If this is the case, you can replace it. I believe I bought mine at Radio Shack for a dollar or so. If you're not comfortable de-soldering & re-soldering, find a handy-man to do it for you.


----------



## haverghast asylum (May 28, 2007)

Where is the thermal link located?


----------



## Moon Dog (Oct 3, 2006)

It's a thermo coupler and is located on the heat exchanger (big round thing just before the exiting nozzle.  ).

It'll look like a button with two wires going to it... they may be soldered, or they may have spade connectors.


----------



## haverghast asylum (May 28, 2007)

Would I be able to see if it is melted. I am looking at it and it looks fine.


----------



## Moon Dog (Oct 3, 2006)

It won't look melted... it an open connection until the heat exchanger gets hot enough then it will close
allowing the fogger to fog.

If it stays in an open state, even if the heat exchanger gets hot, the fogger won't fog.

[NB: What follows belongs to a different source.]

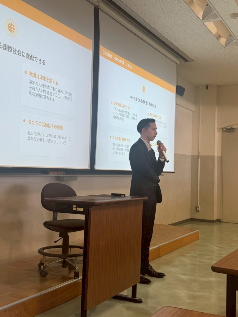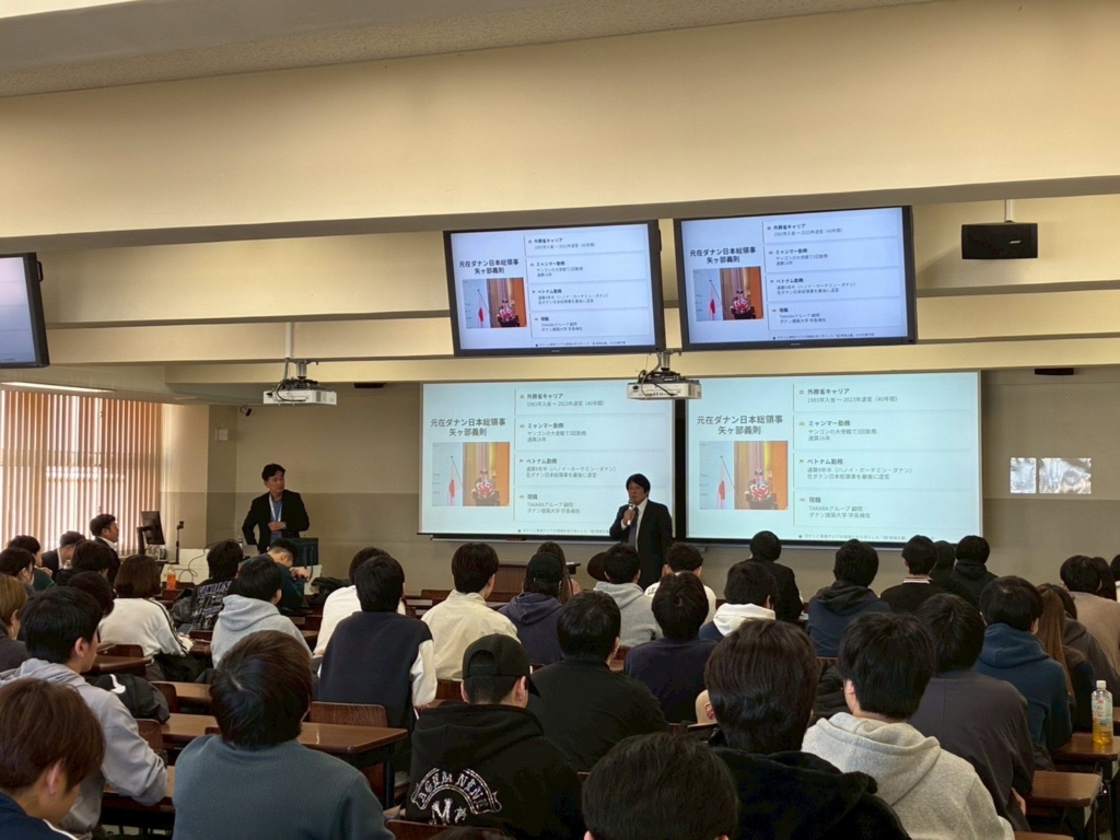 11月24日、国士館大学にて講義を開催いたしました。講義では、元在ダナン日本国総領事の矢ヶ部氏をお招きし、ベトナムの経済成長や日本との関係について、現地で直接ご覧になってきた経験を学生たちへお話していただきました。矢ヶ部氏は総領事をご退任された後も弊社の顧問としてベトナムには携わっておられます。ベトナムと深い関わりを持つ弊社だからこそ、学生の皆さんにリアルをお伝えできたのではないかと考えております。今回の講義が、学生たちの学びに少しでもつながれば幸いです。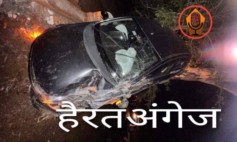 तेज रफ्तार कार पेड़ पर लटकी उड़े परखच्चे

When you plug the fogger in and let it set for a while, does the heat exchanger heat up?

You can try this with the cover off.

If it doesn't heat up, then there's other problems.


----------



## haverghast asylum (May 28, 2007)

No heat at all. In fact It feels like It gets colder.


----------



## Moon Dog (Oct 3, 2006)

You may have a bad heat exchanger or the circuit that drive the heat exchanger may be bad.

I have one of those foggers, I'll have to see if I can get some time and look over how this one works.


----------



## McLoving1991 (Jul 23, 2020)

Hey guys my external fuse holder on my dog machine broke and my pump went out it’s a 1000w fog machine from party city. The pump is easy to find it’s the external fuse holder that hard to find any help


----------